TASK DESCRIPTION: Please copy the data below exactly, from its first line through the line holding "為體現金德利集團黨委對老黨員", and skip the pictures.
===== RECORDED INFORMATION
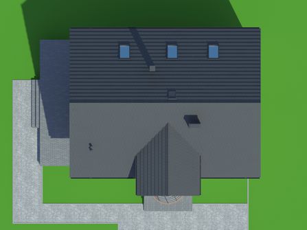 Graficzne opracowanie rzutów poglądowych widocznych na karcie projektu zostało wykonane przez Extradom.pl. Prezentowane przez Extradom.pl wizualizacje wykonane zostały przez autora projektu i należy poczytywać je jedynie za przykład i propozycję wykończenia, wizję architektoniczną autora projektu. Ostateczne wykończenie budynku może nastąpić na wiele sposobów. Szczegółowe rozwiązania zastosowane w oferowanej dokumentacji - w tym również ilość, lokalizacje i wygląd okien, drzwi, kominów - mogą w niewielkim stopniu różnić się od prezentowanej wizualizacji budynku.
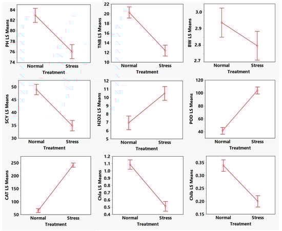 After initial validation, the standard least-square effects fit applied on all test accessions across different conditions revealed that all genotypes performed sigSuppnificantly differently for studied characters under normal and heat stress conditions (Tables S2–S10). Summary of effect tests as presented in Table 1 and Figure 2 indicating the least square effects of heat stress on all parents and their hybrids were significant regarding all studied traits. The genotype × treatment interaction was also significant for all studied traits (Table 1).
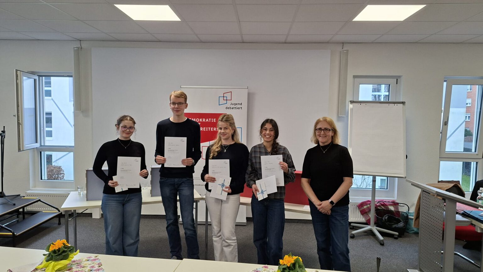 Wir gratulieren allen Teilnehmenden herzlich zu ihrer starken Leistung und ihrem Einsatz. Emma wünschen wir für den Landeswettbewerb im April viel Erfolg und weiterhin überzeugende Argumente!
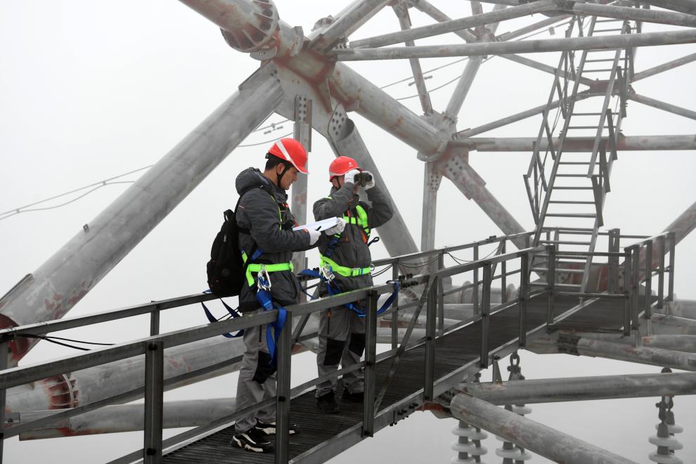 张洲(右)和张磊磊在1000千伏淮芜线长江大跨越北站电塔上作业。新华社记者刘军喜 摄
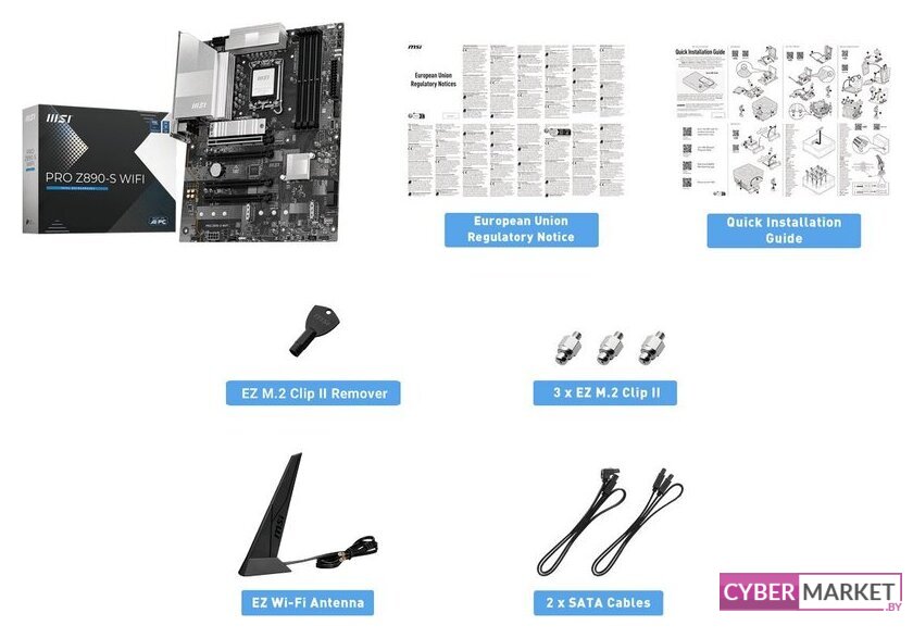 | Комплектация | - EZ Wi-Fi антенна - 2 кабеля SATA- ключ-экстрактор EZ M.2 Clip II - 3 винта со стойкой EZ M.2 Clip II- документация |
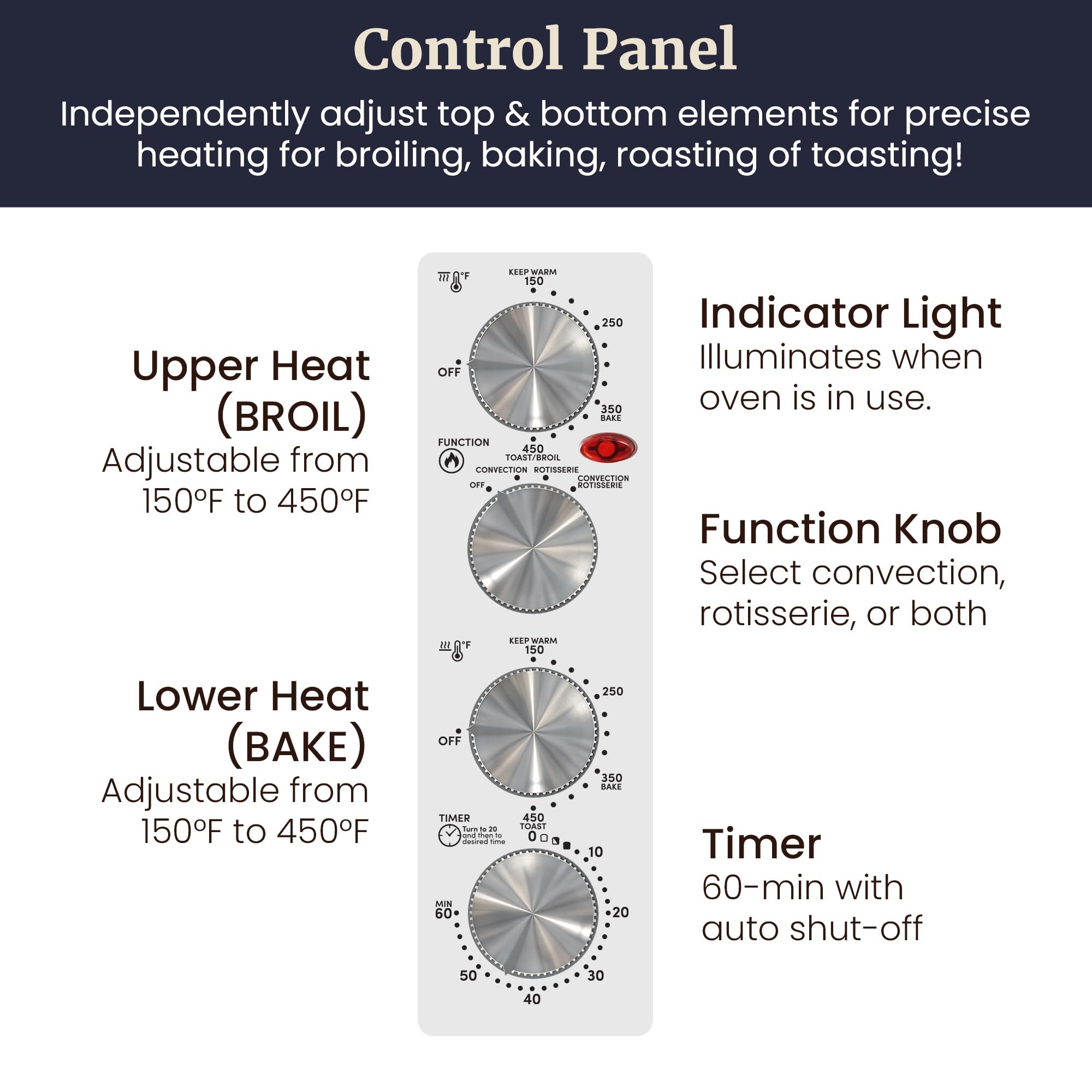 Independent Temperature Knobs up to 450°F to separately control top and bottom heating elements - turn on only one or both at the same time; 60-minute timer with signal turns oven off automatically
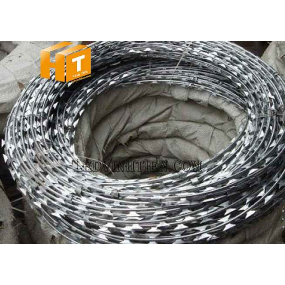 • Dây kẽm gai hình dao: Đường kính cuộn 35cm (5-7m/ cuộn), 45cm (3-5m/ cuộn), 60cm (6-8m/ cuộn), 80cm (6-8m/ cuộn)
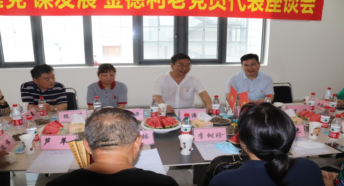 為體現金德利集團黨委對老黨員的關心,使老黨員了解企業發展情況,為金德利發展建言獻策。在建黨101年華誕,金德利集團黨委于6月28日上午召開了慶建黨謀發展金德利老黨員代表座談會。產發集團黨委委員、副總經理、金德利集團黨委書記王浩濤、黨委副書記、董事長朱風亮、黨委委員、副總經理黃蕾、黨群部部長陳立濤以及老黨員代表參加了座談會。
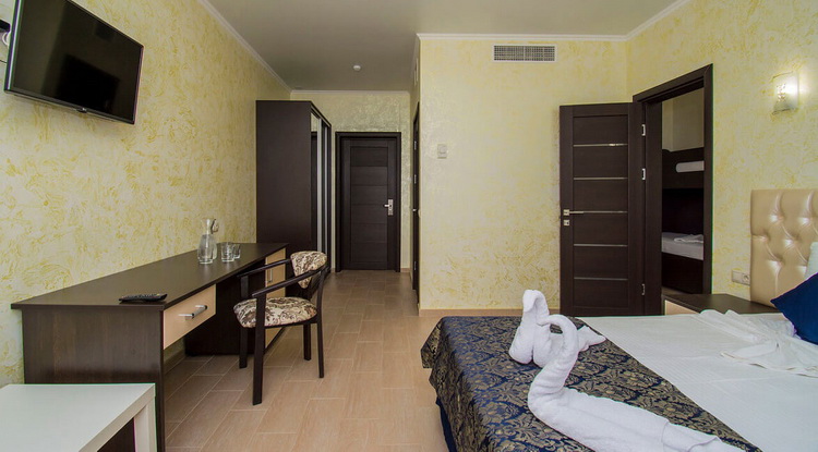 В стоимость проживания включены: охраняемая автостоянка, занимающая весь первый этаж отеля GRAND Noy, пользование открытым взрослым бассейном (18*8м2), открытым детским бассейном (3*6м2), вход на пляж «Радужный», анимация, спортивная площадка с мягким резиновым покрытием, детская площадка, детская оборудованная комната, тренажёрный зал, настольный теннис, wi-fi, а также приветственный бокал вина на ужин.
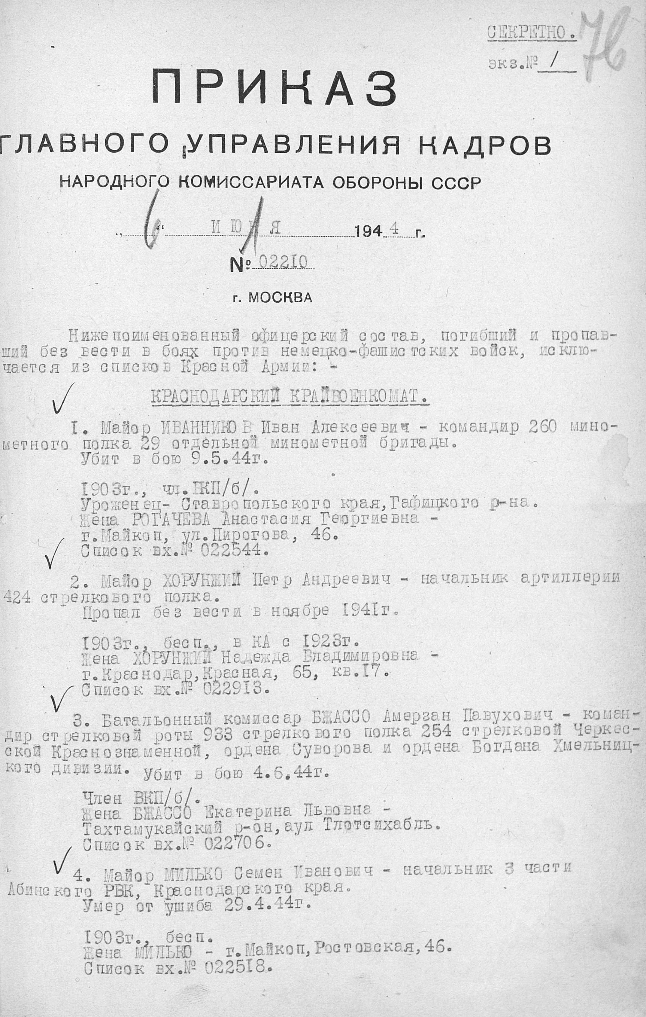 Приказ об исключении из списков №02210 06.07.1944 ГУК НКО
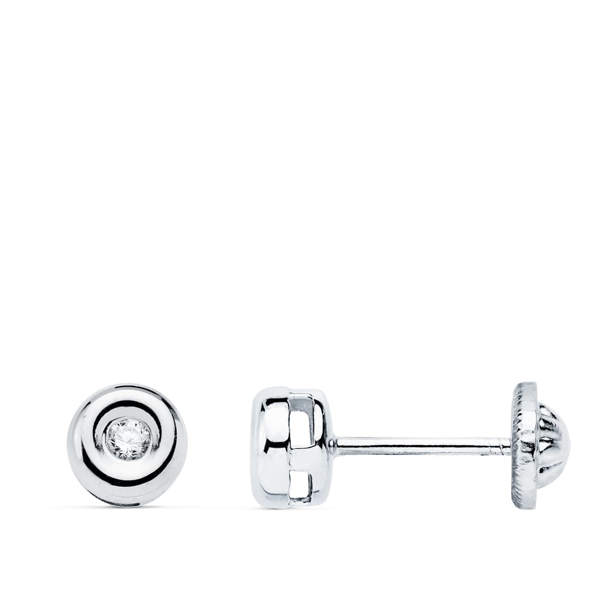 18K PENDIENTES ORO BLANCO DIAMANTES TALLA BRILLANTE 4.5MM 0.05 QTS.
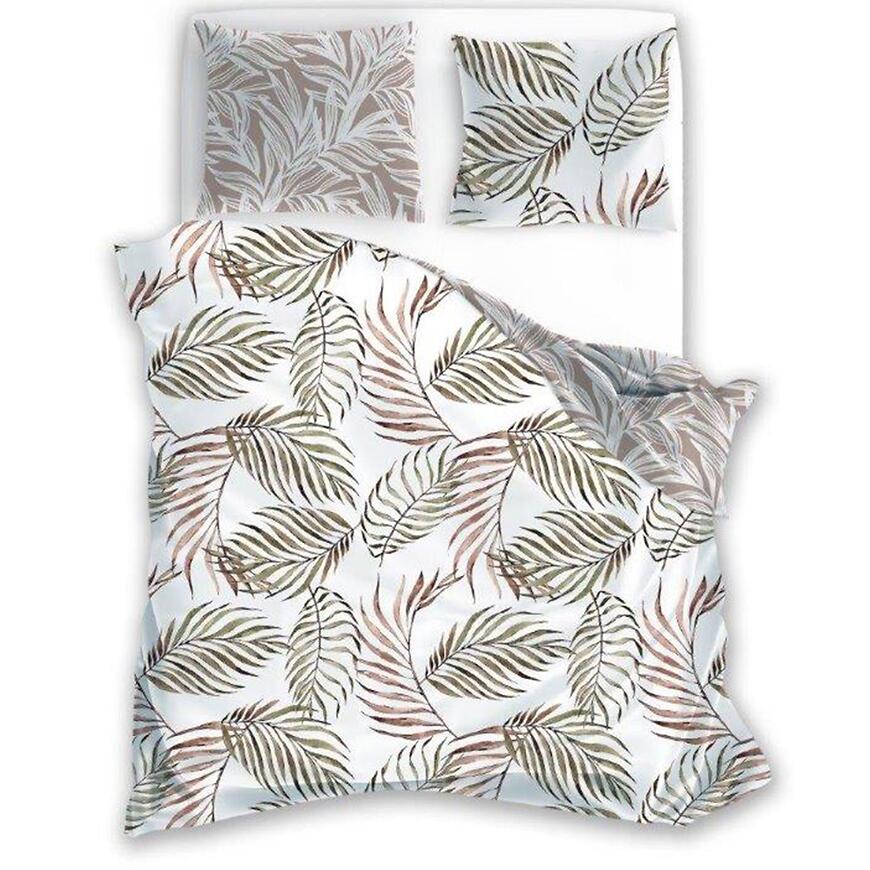 Pościel wykonana jest w 100% z bawełny o satynowym splocie, dzięki czemu tkanina jest delikatna w dotyku, przewiewna i lekko połyskująca. Materiał dobrze układa się na łóżku i sprzyja relaksującemu wypoczynkowi.
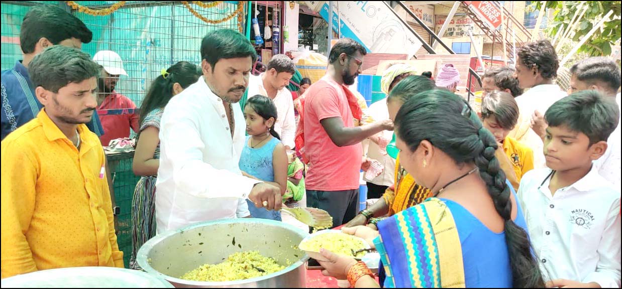 – మ‌జ్జిగ పంపిణీ కేంద్రంలో పేద‌ల‌కు అన్న‌దానం
==========
RESULT:
 Graficzne opracowanie rzutów poglądowych widocznych na karcie projektu zostało wykonane przez Extradom.pl. Prezentowane przez Extradom.pl wizualizacje wykonane zostały przez autora projektu i należy poczytywać je jedynie za przykład i propozycję wykończenia, wizję architektoniczną autora projektu. Ostateczne wykończenie budynku może nastąpić na wiele sposobów. Szczegółowe rozwiązania zastosowane w oferowanej dokumentacji - w tym również ilość, lokalizacje i wygląd okien, drzwi, kominów - mogą w niewielkim stopniu różnić się od prezentowanej wizualizacji budynku.
 After initial validation, the standard least-square effects fit applied on all test accessions across different conditions revealed that all genotypes performed sigSuppnificantly differently for studied characters under normal and heat stress conditions (Tables S2–S10). Summary of effect tests as presented in Table 1 and Figure 2 indicating the least square effects of heat stress on all parents and their hybrids were significant regarding all studied traits. The genotype × treatment interaction was also significant for all studied traits (Table 1).
 Wir gratulieren allen Teilnehmenden herzlich zu ihrer starken Leistung und ihrem Einsatz. Emma wünschen wir für den Landeswettbewerb im April viel Erfolg und weiterhin überzeugende Argumente!
 张洲(右)和张磊磊在1000千伏淮芜线长江大跨越北站电塔上作业。新华社记者刘军喜 摄
 | Комплектация | - EZ Wi-Fi антенна - 2 кабеля SATA- ключ-экстрактор EZ M.2 Clip II - 3 винта со стойкой EZ M.2 Clip II- документация |
 Independent Temperature Knobs up to 450°F to separately control top and bottom heating elements - turn on only one or both at the same time; 60-minute timer with signal turns oven off automatically
 • Dây kẽm gai hình dao: Đường kính cuộn 35cm (5-7m/ cuộn), 45cm (3-5m/ cuộn), 60cm (6-8m/ cuộn), 80cm (6-8m/ cuộn)
 為體現金德利集團黨委對老黨員的關心,使老黨員了解企業發展情況,為金德利發展建言獻策。在建黨101年華誕,金德利集團黨委于6月28日上午召開了慶建黨謀發展金德利老黨員代表座談會。產發集團黨委委員、副總經理、金德利集團黨委書記王浩濤、黨委副書記、董事長朱風亮、黨委委員、副總經理黃蕾、黨群部部長陳立濤以及老黨員代表參加了座談會。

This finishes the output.